The role of Quality Assurance is not to test the product although test data is of use if it is recorded properly. The role of quality assurance is to investigate possible ways of reducing the number of problems introduced and reducing the cost of correcting them. This is not limited to code defects.

One of the worst processes for conduction any engineering development is to make designers/developers responsible for features. The problems arise when more than one developer or team has to modify the same component to provide the desired functionality. The result is defects that are not discovered until after integration (i.e. in system level testing). In the ideal situation, system testing should not find any defects at all. If a significant number are found, it means that there are a huge number of defects remaining in the product even after all the testing is done. This results in an unreliable product.

The answer to this problem is component or subsystem based development in which only one developer or team may modify any given component of subsystem.
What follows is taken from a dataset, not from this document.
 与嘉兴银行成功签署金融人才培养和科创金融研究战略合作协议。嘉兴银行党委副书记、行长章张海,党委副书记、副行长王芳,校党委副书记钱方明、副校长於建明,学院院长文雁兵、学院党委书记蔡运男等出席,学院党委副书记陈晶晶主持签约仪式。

In a feature oriented shop, the role of the QA people would be to help the teams transition to a subsystem oriented process.
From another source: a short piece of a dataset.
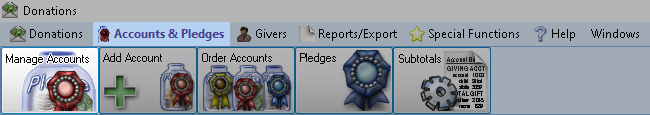 To access from the Button Bar, go to Accounts & Pledges > Manage Accounts.
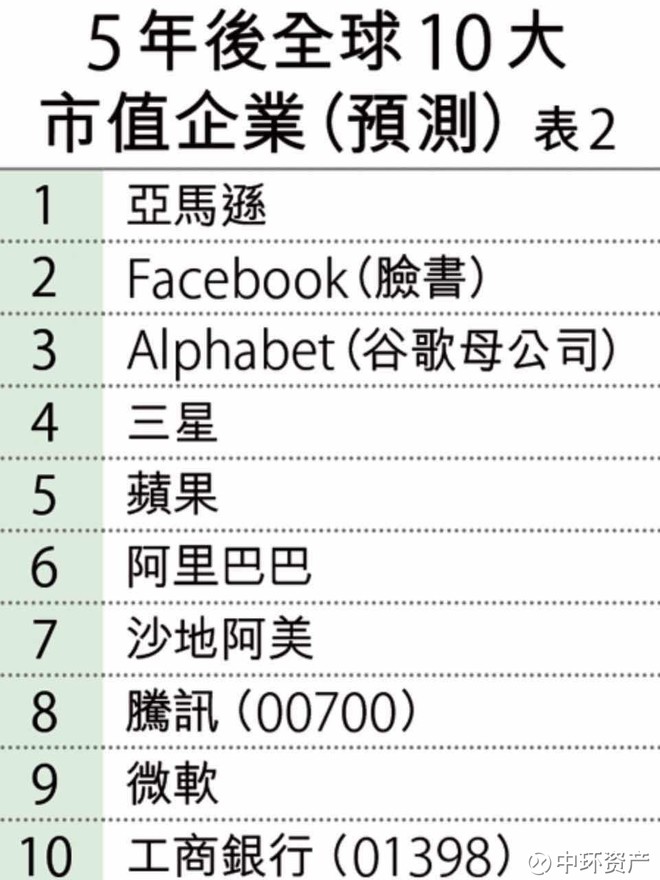 能源和银行业的龙头亦将有替换。沙特国家石油公司(沙特阿美)将取代埃克森美孚。沙特阿美计划上市,连国王都出马帮手推销,希望拿到2万亿元(美元,下同)的估值,募集1000亿元。但《金融时报》做过分析,认为合理估值只8000亿至1万亿元。如真是2万亿元,那么在IPO那一刻,应是全球市值最大。但若沙特阿美长期看好油价就不会IPO,电动车是玩真的,5年后能保住10大已算不错。

In any other undertaking, metrics are collected and used to predict the future. In many software shops the key metric is either defects found or defects open. But this is a useless metric for improvement. The key metric is the number of defects still in the work products. Requirements defects (assuming there are requirements) end up in the design along with the errors made producing the design. Design defects (assuming there is a design) end up in the code along with the coding errors. Quality Assurance should help to find ways of minimizing the number of defects carried over from previous work products by using the metrics collected when these items are produced and verified.

Quality Assurance is not responsible for the quality of the products. The people who produce them are responsible. Quality Assurance is responsible for discovering the messes made along the way and pointing them out to management so they can be addressed before they become serious and costly issues.